As we will see in “Dataset and link stream modeling” section, although the data is rather simple at first glance, the proper modeling of interactions is challenging and no unique, commonly accepted approach exists. We leverage here the recently introduced link stream model, which captures both the temporal and structural nature of data (Latapy et al. 2017; Latapy et al. 2019). We start our analysis with basic metrics targetting the questions above and we define link stream concepts as we need them in the analysis.
Therefore, our contribution is two-fold: it gives a modeling of the data that incorporates time and structure and it sheds lights on fundamental questions on the interplay between transactions and social ties, in the \(\breve {G}1\) system. These insights are important for progress in several areas, like in particular the inference of social networks from interaction traces.

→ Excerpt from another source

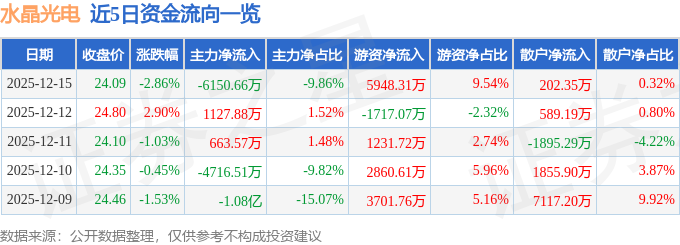 证券之星消息,截至2025年12月15日收盘,水晶光电(002273)报收于24.09元,下跌2.86%,换手率1.89%,成交量25.73万手,成交额6.24亿元。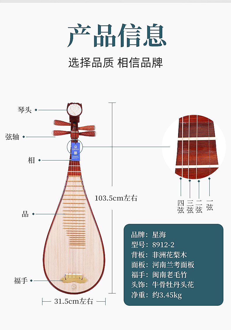 Синхай 8912-2 Hualu Wood Pipa Музыкальный инструмент играет Pipa Professional Mahogany Entry Junior Practice Pipa

This paper is organized as follows. “The \(\breve {G}1\) cryptocurrency” section introduces the \(\breve {G}1\) cryptocurrency and explains the main ideas and mechanisms behind it. In “Dataset and link stream modeling” section, we present the dataset under study and show how link streams model interactions from this dataset. In “Overview of certification and transaction streams” section, we use time series and static graph concepts to give a first insight on the global structure and dynamics of the system. In “How do new certifications and transactions appear between members?” section we consider time and structure together but stay at a basic link level in order to understand the interplay between social ties and transactions. Finally, in “Certifications and transactions neighborhoods” section we use more complex stream concepts mixing time and structure in order to investigate this interplay further.